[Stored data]
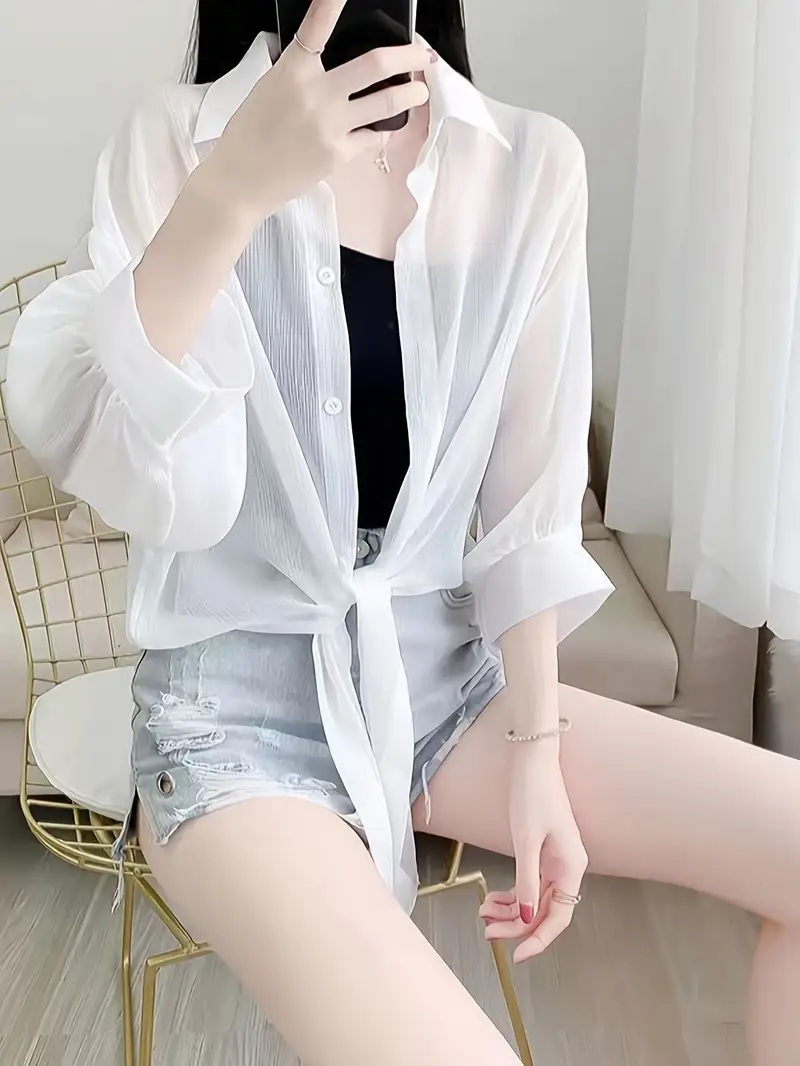 - レディースですが男性でもOKシースルー無地軽量エモいシャツ春夏用カジュアルシックスタイル涼しいよサイズ各種あります可愛いカッコいい
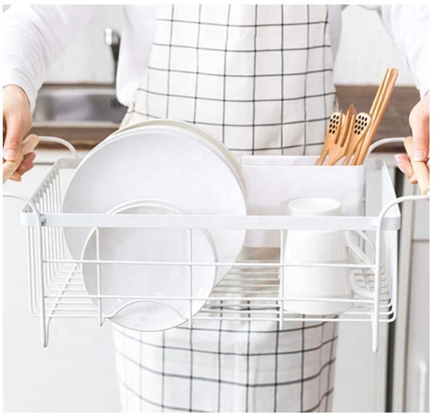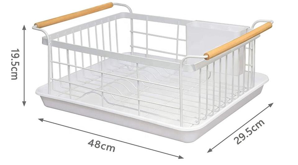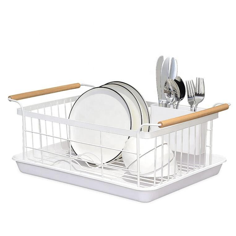 Escurridor de Platos de Una Sola Capa con Mango de Madera, Porta Utensilios, Escurridor de Platos para Encimera de Cocina
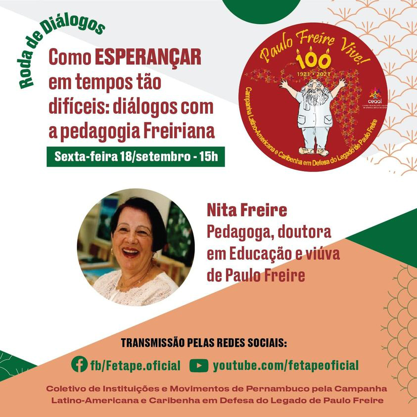 A roda de diálogo será um momento em que educadores e educadoras populares de diversos movimentos de Pernambuco irão a partir de suas práticas responder: Como ESPERANÇAR em tempos tão difíceis? Em um diálogo com a pedagoga Nita Freire, que irá conversar como Paulo Freire responderia aos desafios postos na atual realidade de avanço do fascismo e do conservadorismo em meio à crise econômica e sanitária mundial.
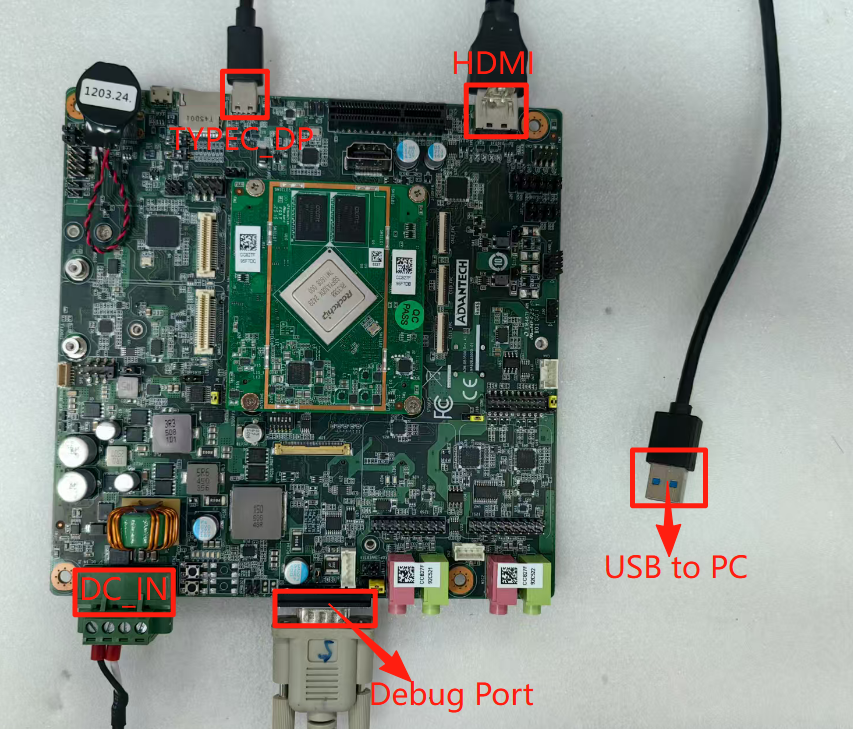 4、Prepare an HDMI monitor and plug the HDMI cable into the HDMI port on the base plate.
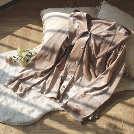 柔らかく、程よい光沢のあるベロア素材を使用したトップス型ルームウェア。
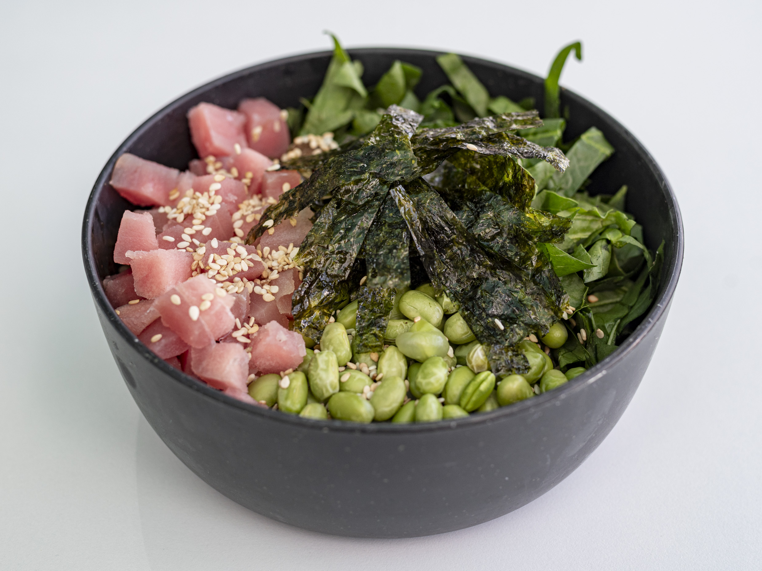 Arroz, atún marinado, edamame, cilantro, espinaca, alga nori, ajonjolí y soya
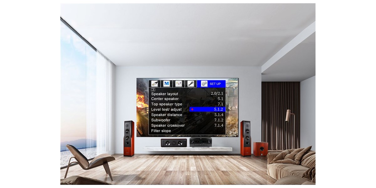 Le système de calibration automatique analyse l’acoustique de la pièce pour ajuster les niveaux, les distances et la réponse en fréquence de chaque enceinte. Cela permet d’obtenir une restitution équilibrée sans réglages complexes. En complément, un égaliseur paramétrique avancé permet d’affiner manuellement chaque canal avec plusieurs bandes de réglage. Cette combinaison assure une adaptation optimale à toutes les configurations.
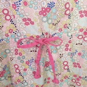Dickies scrubs, pink floral. Approximate measurements are pit to pit 21". Length is approximately 26". Sleeves are 8". No size tag. But probably a large. Bow tie in back.

Work required: Restate the records word for word and drop the images.

Answer to the exercise:
 - レディースですが男性でもOKシースルー無地軽量エモいシャツ春夏用カジュアルシックスタイル涼しいよサイズ各種あります可愛いカッコいい
 Escurridor de Platos de Una Sola Capa con Mango de Madera, Porta Utensilios, Escurridor de Platos para Encimera de Cocina
 A roda de diálogo será um momento em que educadores e educadoras populares de diversos movimentos de Pernambuco irão a partir de suas práticas responder: Como ESPERANÇAR em tempos tão difíceis? Em um diálogo com a pedagoga Nita Freire, que irá conversar como Paulo Freire responderia aos desafios postos na atual realidade de avanço do fascismo e do conservadorismo em meio à crise econômica e sanitária mundial.
 4、Prepare an HDMI monitor and plug the HDMI cable into the HDMI port on the base plate.
 柔らかく、程よい光沢のあるベロア素材を使用したトップス型ルームウェア。
 Arroz, atún marinado, edamame, cilantro, espinaca, alga nori, ajonjolí y soya
 Le système de calibration automatique analyse l’acoustique de la pièce pour ajuster les niveaux, les distances et la réponse en fréquence de chaque enceinte. Cela permet d’obtenir une restitution équilibrée sans réglages complexes. En complément, un égaliseur paramétrique avancé permet d’affiner manuellement chaque canal avec plusieurs bandes de réglage. Cette combinaison assure une adaptation optimale à toutes les configurations.
Dickies scrubs, pink floral. Approximate measurements are pit to pit 21". Length is approximately 26". Sleeves are 8". No size tag. But probably a large. Bow tie in back.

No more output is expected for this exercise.